Freezing the parameters allows us to reuse the knowledge the ConvNet has learned from another problem, which is a key concept in transfer learning.
To freeze the parameters, we need to set requires_grad=False for the entire network except the final layer. This will significantly reduce the training time and computational resources required for the new task.
Here's a summary of the steps to use a ConvNet as a feature extractor:
- Freeze all the network except the final layer
- Set requires_grad=False to freeze the parameters
- Reuse the knowledge the ConvNet has learned from another problem
By using a ConvNet as a feature extractor, we can leverage the knowledge it has learned from another problem and apply it to our new task, significantly reducing the training time and computational resources required.
ResNet 50 Implementation
Implementing a ResNet 50 model involves several key steps.
First, you need to choose a pre-trained model, which in this case is ResNet-50. This model is used for image classification on the MNIST dataset.

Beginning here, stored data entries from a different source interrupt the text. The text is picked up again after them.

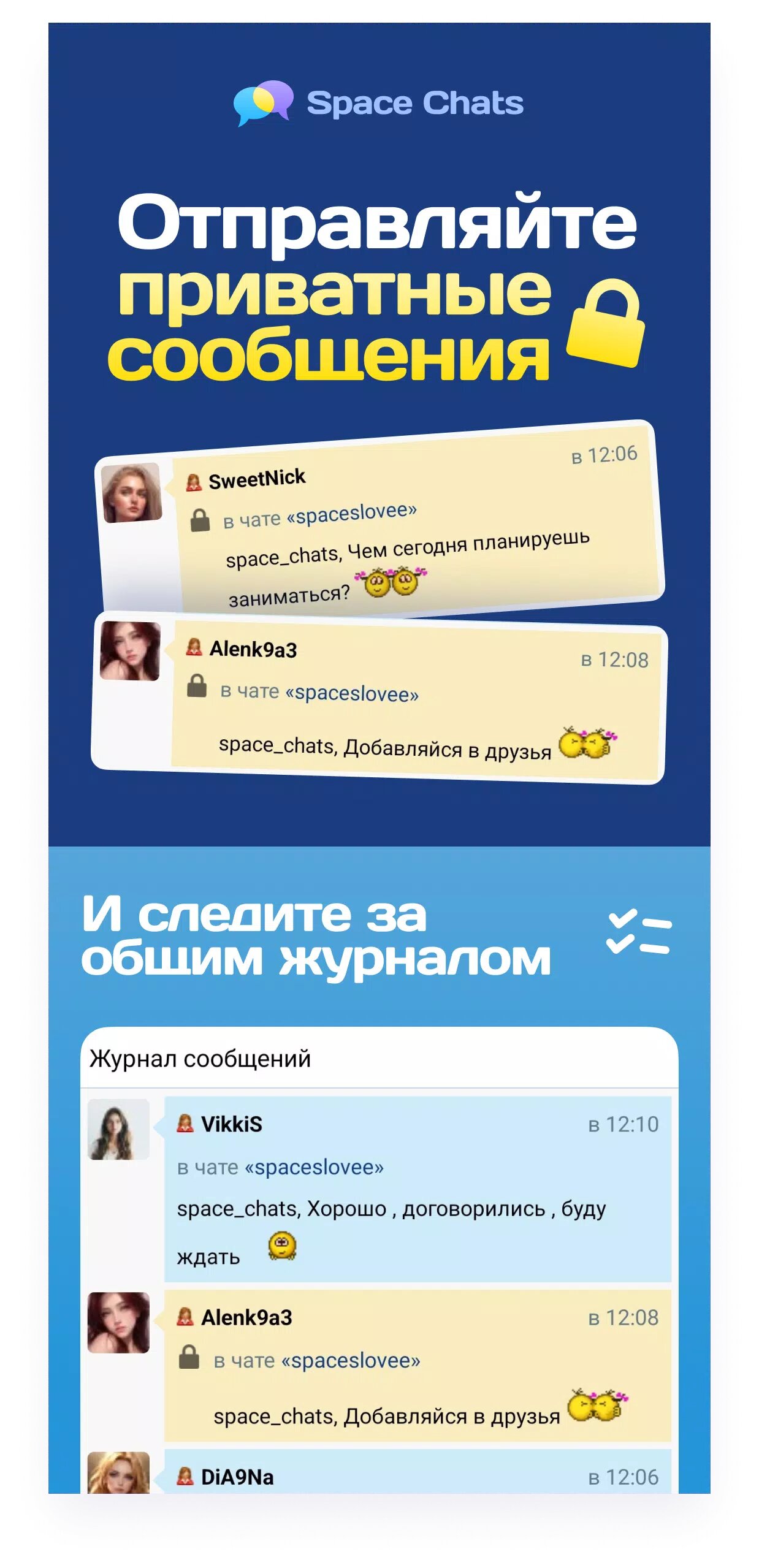 Приложение SPACE CHATS 1.11.18 предлагает широкий набор функций для комфортного и безопасного взаимодействия:
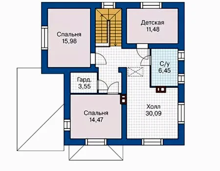 На втором этаже спроектирован большой холл, в котором хозяева могут создать дополнительную гостиную, две спальни, детская, общая «PinUp» и санузел. Этаж хорошо освещен благодаря высоким окнам в холле и на лестнице.
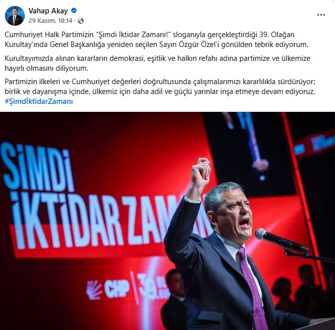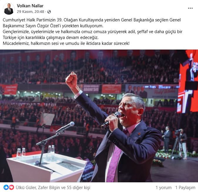 Kurultay boyunca Süleymanpaşa Belediye Başkanı Volkan Nallar ile Çerkezköy Belediye Başkanı Vahap Akay’ın, salonda bizzat varlıklarını gösteren bir kareyi kendi hesaplarından paylaşmamaları dikkat çekti. İki isim de süreci, kurultay bittikten sonra Özgür Özel’in yeniden genel başkan seçilmesini kutlayan, içerik ve ton bakımından birbirine oldukça benzer iki metinle kapattı. Bu tercih, ikiliyi görünürlük sıralamasında son basamakta konumlandırdı.
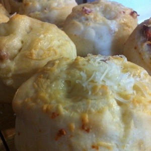 He made these amazing no knead Dinner Rolls… Way back in March of LAST YEAR! Ever since I saw them, I knew I had to make them. I love Dinner Rolls, and I love cheese, and a few weeks ago I was finally compelled to make them. Because of the snow storm we were having, I didn’t want to make a special trip to the grocery store for some of the ingredients, so I tweaked it to suite what I had on hand.
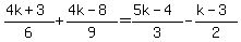 solve for k 4k+3/6+4k-8/9=5k-4/3-k-3/2
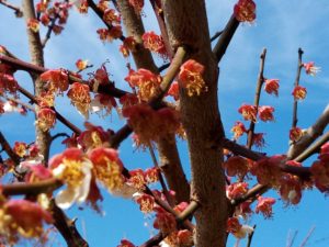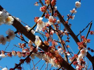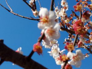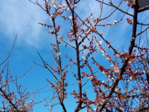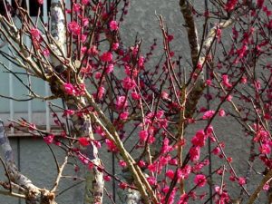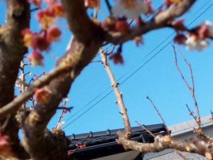 実梅と同じ様に昨年からお世話を始めた鹿児島紅もそれに応えて一緒に咲いて呉れました。昔は花の時期がずれていました。今年は、ほぼ一緒に咲いて呉れ、沢山の蜂やハナアブたちが紅白の花の間を行ったり来たりしていました。
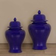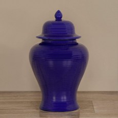 • Chic and classic. This blue jar features, an easily removable lid, and plenty of storage space.
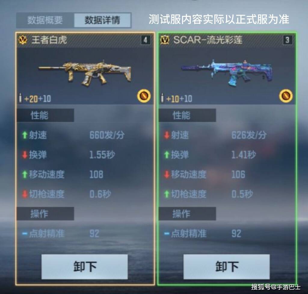 王者白虎作为SCAR系列王者级步枪,本期将把它与同类型武器SCAR-流光彩莲花进行对比。
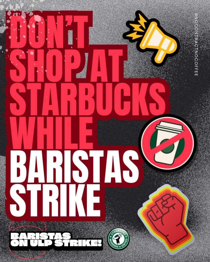 ICYMI: Union stores in more than 25 cities joined our open-ended ULP strike. That brings us to 95 stores on strike in over 65 cities across the country. And allies stepped up too! More than 150 flyering actions at non-union stores helped spread the truth about Starbucks’ union-busting and build support and solidarity with baristas.
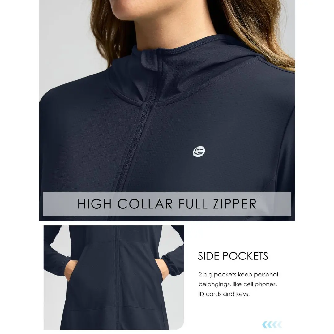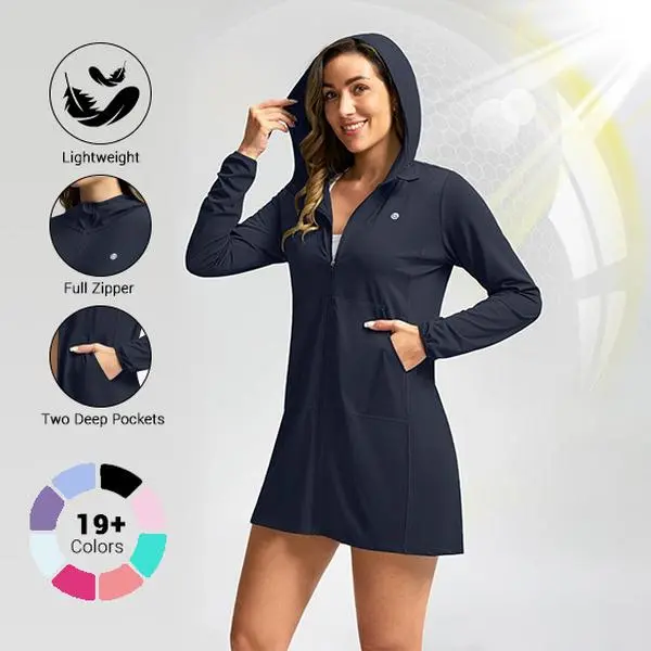 ·Hoodie & Length Desgin: Women's swim cover up with hood give you more neck protection. Long sun protective jacket provides ample coverage, to protect your hips and crotch from sunburn.
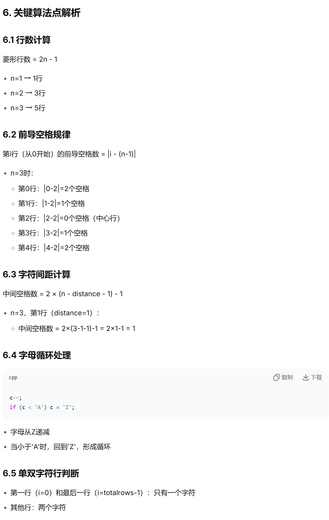 这道题比较困难,对于菱形的每一行需要控制空格以及字符的输出处理,对于整个菱形的输出也要控制,这里写成两个函数比较清晰。对于整个菱形就是计算出总行数,然后一行一行输出。行数、前导空格和字符间距这几个都需要通过找规律来写出通项式。

The pre-trained ResNet-50 model is then combined with data augmentation techniques such as RandomResizedCrop(224), which randomly crops the image to 224x224 while retaining the aspect ratio.
RandomHorizontalFlip() is also used, flipping the image horizontally randomly with a 0.5 probability. Another data augmentation method is RandomRotation(10), which performs the maximum rotation of an image in random by 10 degrees.
The image is then converted to a PyTorch tensor using ToTensor(). Additionally, Grayscale(num_output_channels=3) is used to convert the image to grayscale while preventing degradation of image quality.
The ResNet 50 model is then trained and evaluated using the QMNIST dataset. The model is first preprocessed to convert images to tensors and normalize them.
The model is then deployed with the data of QMNIST to check whether it works properly. The model's accuracy is checked by comparing its labels with its predictions.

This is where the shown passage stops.